Cercada para justificar tanto gasto, ela foi simplória na resposta em entrevista à imprensa, arguindo inocência: “Eu cheguei aqui, senadora nova, a orientação era essa”.

Parte da família de Rosalba posa em Hamburgo, à espera dos pais e um dos irmãos (Foto: redes sociais)

À época com mais de 20 anos de vida pública, três mandatos como prefeita e nos primeiros anos de Senado, Rosalba Ciarlini achava normal utilizar passagens aéreas para transportar sua filha Karla e o marido de avião da Europa para Natal ou hospedar filho Kadu em hotel cinco estrela à beira-mar, em Fortaleza (CE).

Hotéis de luxo em cidade turística da França

Também não lhe parecia pouco recomendável, que sobrinha-afim ganhasse passagens graciosas para viagens a Lisboa, Barcelona e Paris.

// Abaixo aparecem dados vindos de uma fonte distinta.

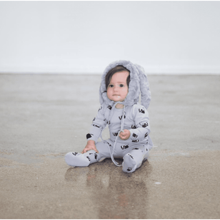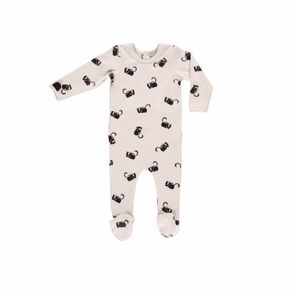 Cozy and ultra soft cotton romper in a cute skunk print with back flap opening for easy dressing and diapering

Amigos e outros familiares podiam voar Brasil afora ou pelo mundo, com recursos públicos, escolhendo hotéis à estadia despreocupada.

Nem foi-lhe exorbitante que o Senado bancasse sua hospedagem, do marido, do filho Kadu e casal de amigos, num dos mais caros e luxuosos hotéis do país – o Grand Meliá Mofarrej em São Paulo-SP.

Foi supimpa passar duas semanas “a trabalho” em Estrasburgo (fronteira com a Alemanha), cidade turística francesa, no fim de fevereiro de 2008 – em família.

Suplente do Conselho de Ética do Senado, àquela época, Rosalba Ciarlini não tinha compreensão do que fosse exorbitar de prerrogativas com o dinheiro alheio.

Talvez não o tenha até hoje. Faz sentido. Esse episódio de 2009 diz muito de 2019, ou seja, dez anos depois.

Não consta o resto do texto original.